▸ YOUR INSTRUCTIONS: Copy from the first line below down to and including the line with "(서울=포커스뉴스) 김희옥(가운데) 새누리당". Skip the pictures.

▸ SUPPLIED DATA:
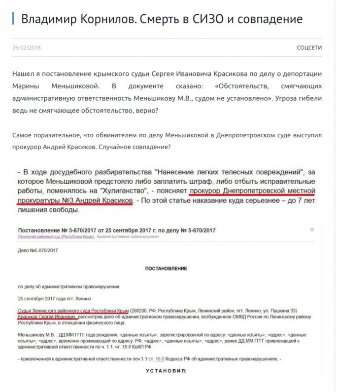 Меня нисколько не удивляет злорадство «вешателя» Филатова. Понимаю, что «мальчики кровавые» таким, как он, не снятся. Не знаю, родственники ли днепропетровский прокурор Андрей Красиков, отправивший девушку в СИЗО, и крымский судья Сергей Красиков, депортировавший её на Украину. Это не важно. Сработали они на пару, как родные. Судья не захотел замечать очевидного, прокурор специально переквалифицировал дело, чтобы девушку закрыли надолго.
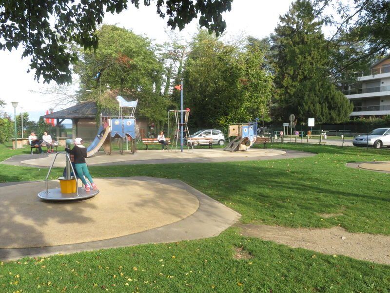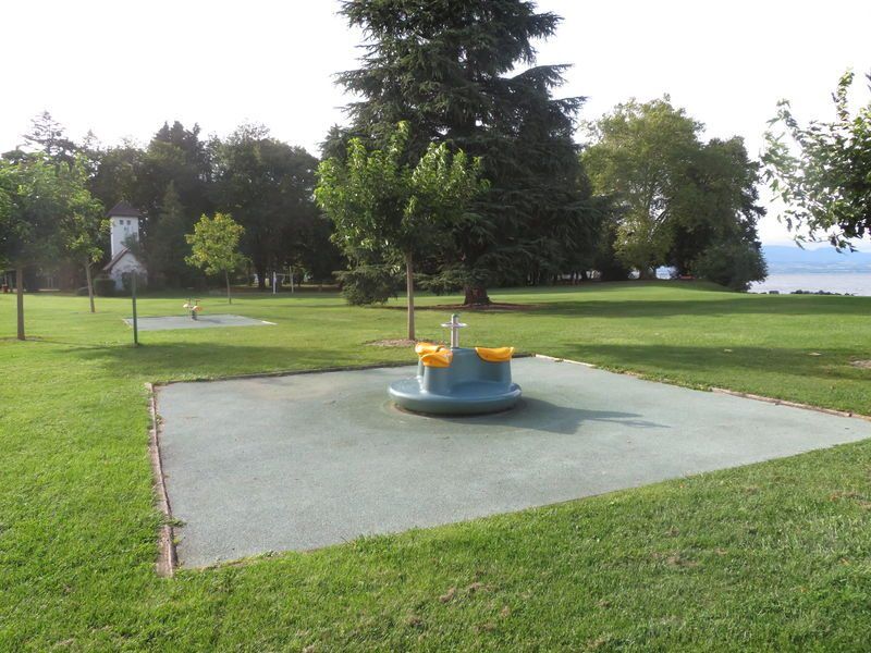 Aire de jeux pour enfants situé à la plage d'Amphion: tobogan, tourniquet...
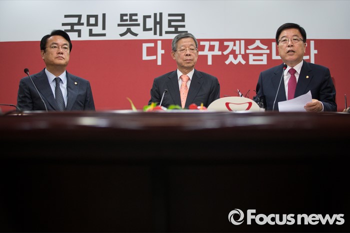 (서울=포커스뉴스) 김희옥(가운데) 새누리당 혁신비대위원장과 정진석(왼쪽) 원내대표, 김광림 정책위의장이 27일 오전 서울 여의도 당사에서 열린 혁신비상대책위원회 회의에 참석하고 있다.
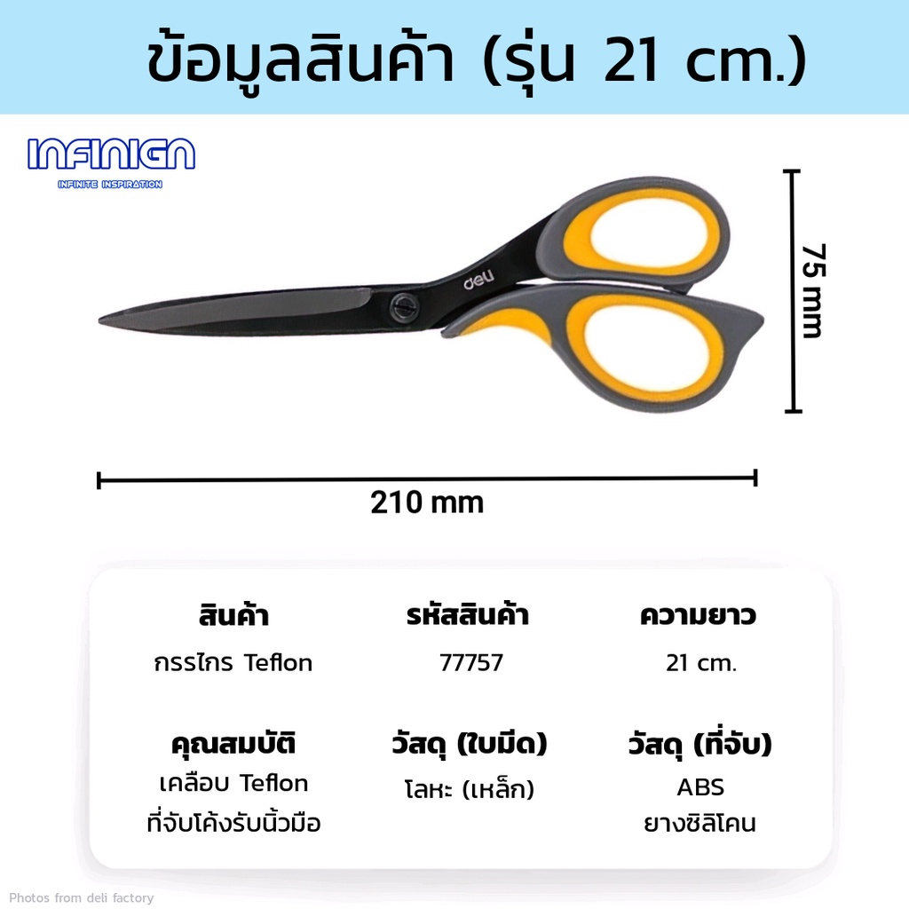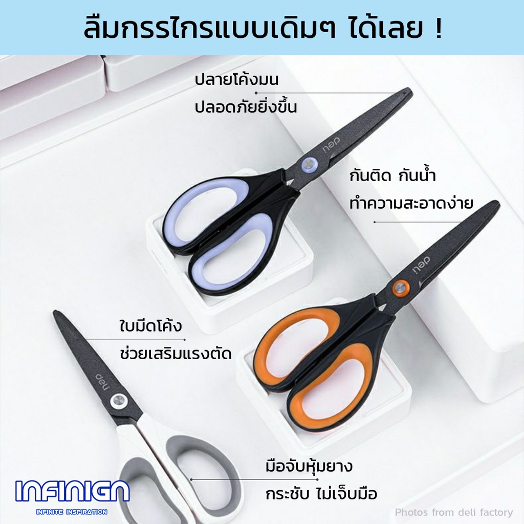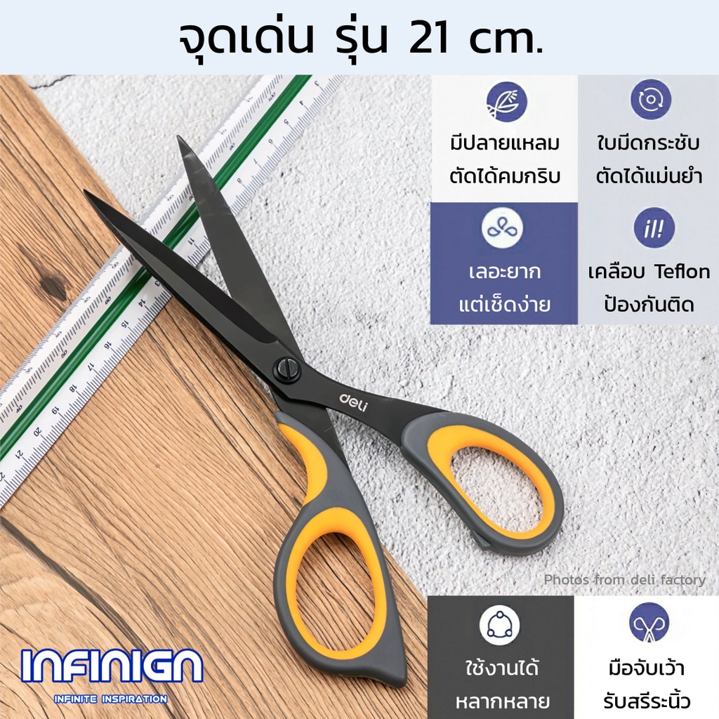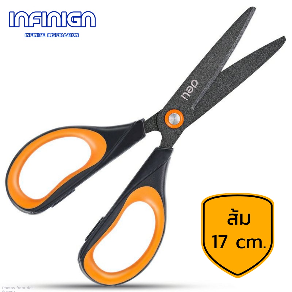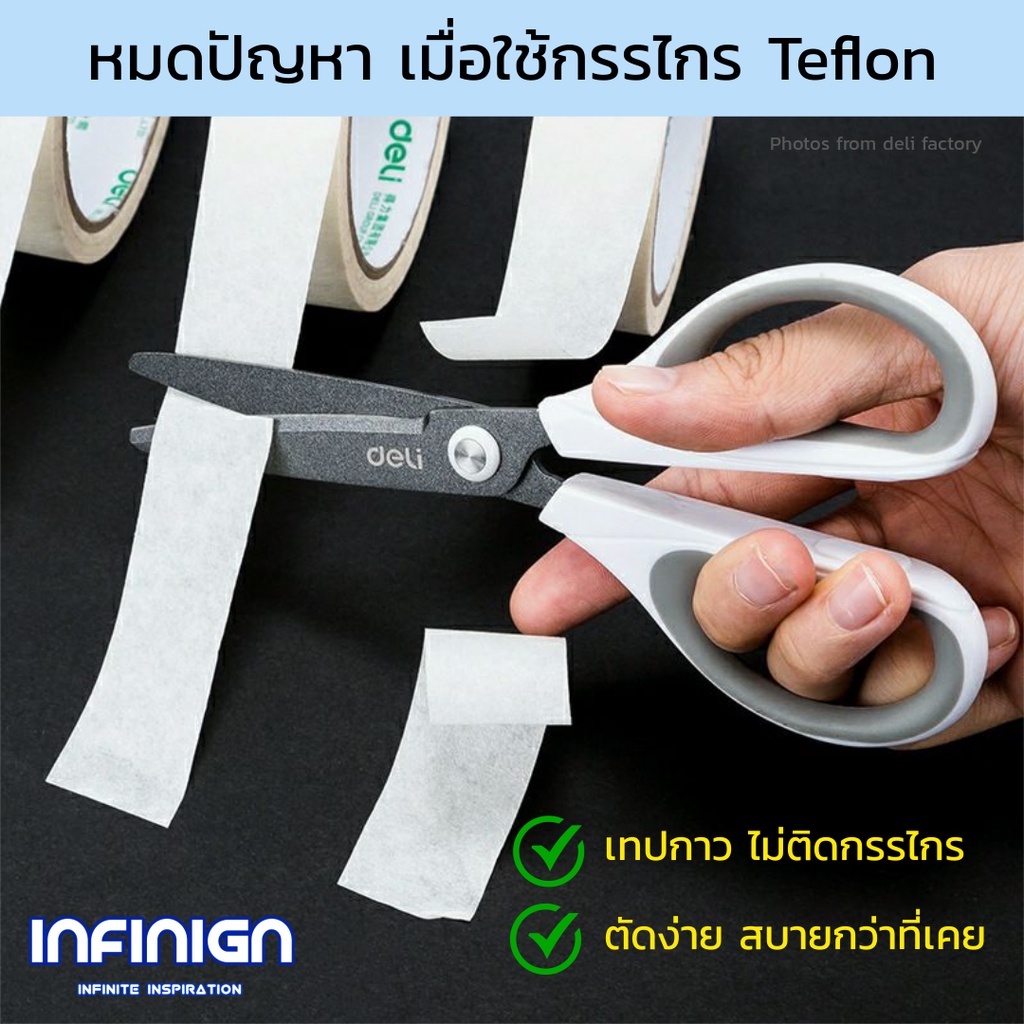 Deli กรรไกร Teflon (เทฟล่อน) ตัดลื่น ตัดเทปกาวไม่ติด ใช้ในบ้าน/ออฟฟิศ งานครัว แพ็คสินค้า งาน DIY

▸ RESULT BELOW:
 Меня нисколько не удивляет злорадство «вешателя» Филатова. Понимаю, что «мальчики кровавые» таким, как он, не снятся. Не знаю, родственники ли днепропетровский прокурор Андрей Красиков, отправивший девушку в СИЗО, и крымский судья Сергей Красиков, депортировавший её на Украину. Это не важно. Сработали они на пару, как родные. Судья не захотел замечать очевидного, прокурор специально переквалифицировал дело, чтобы девушку закрыли надолго.
 Aire de jeux pour enfants situé à la plage d'Amphion: tobogan, tourniquet...
 (서울=포커스뉴스) 김희옥(가운데) 새누리당 혁신비대위원장과 정진석(왼쪽) 원내대표, 김광림 정책위의장이 27일 오전 서울 여의도 당사에서 열린 혁신비상대책위원회 회의에 참석하고 있다.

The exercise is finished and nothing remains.